TASK BRIEF
Identify the line with "- 【Security Assurance】"; copy word for word that line and every one after it, to the end of the listing. Exclude pictures.

DATA SEGMENT
---

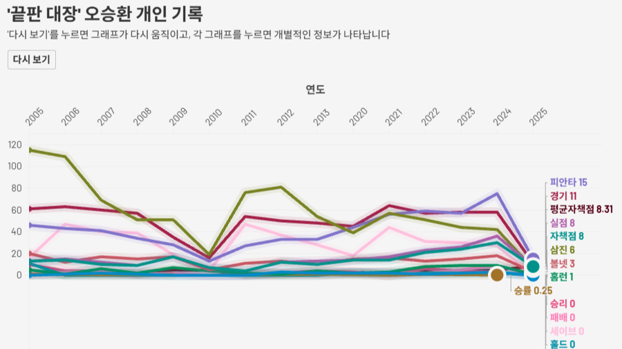 A Flourish chart본격적인 '오승환 은퇴 투어'에 돌입한 삼성라이온즈가 첫 경기에서 연장 접전 끝 패배로 아쉬움을 삼켰습니다.8월 28일 저녁 서울 잠실구장에서 펼쳐진 2025 신한 SOL 뱅크 KBO리그 두산베어스와의 주중 3연전 마지막 대결에서 삼성은 일찌감치 무너진 선발 최원태와 극적 추격으로 만든 동점에서 마운드...
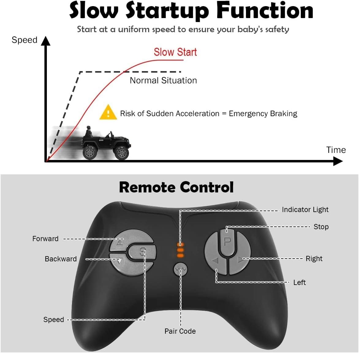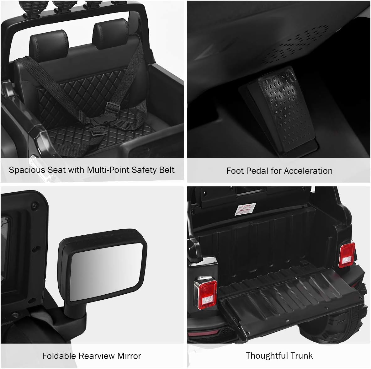 - 【Security Assurance】 The kids car is equipped with a slow start function to avoid the risk of sudden acceleration. Besides, 4 wear-resistant wheels is made of superior PP material without leaking or tire burst. Its spring suspension system and seat with multi-point safety belt offer safer driving experience.
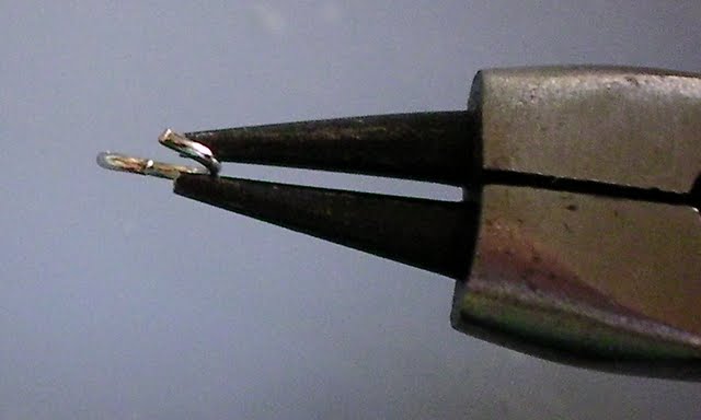 5. If you are using star beads (like the czech glass) instead of charms (like the metal stars), create a bead charm by threading the bead on to a head pin, gripping the pin with your jewelry pliers, and twisting the head pin wire around the jewelry pliers to form a loop. Trim the extra wire and repeat for the second bead.

---

THE ANSWER
 - 【Security Assurance】 The kids car is equipped with a slow start function to avoid the risk of sudden acceleration. Besides, 4 wear-resistant wheels is made of superior PP material without leaking or tire burst. Its spring suspension system and seat with multi-point safety belt offer safer driving experience.
 5. If you are using star beads (like the czech glass) instead of charms (like the metal stars), create a bead charm by threading the bead on to a head pin, gripping the pin with your jewelry pliers, and twisting the head pin wire around the jewelry pliers to form a loop. Trim the extra wire and repeat for the second bead.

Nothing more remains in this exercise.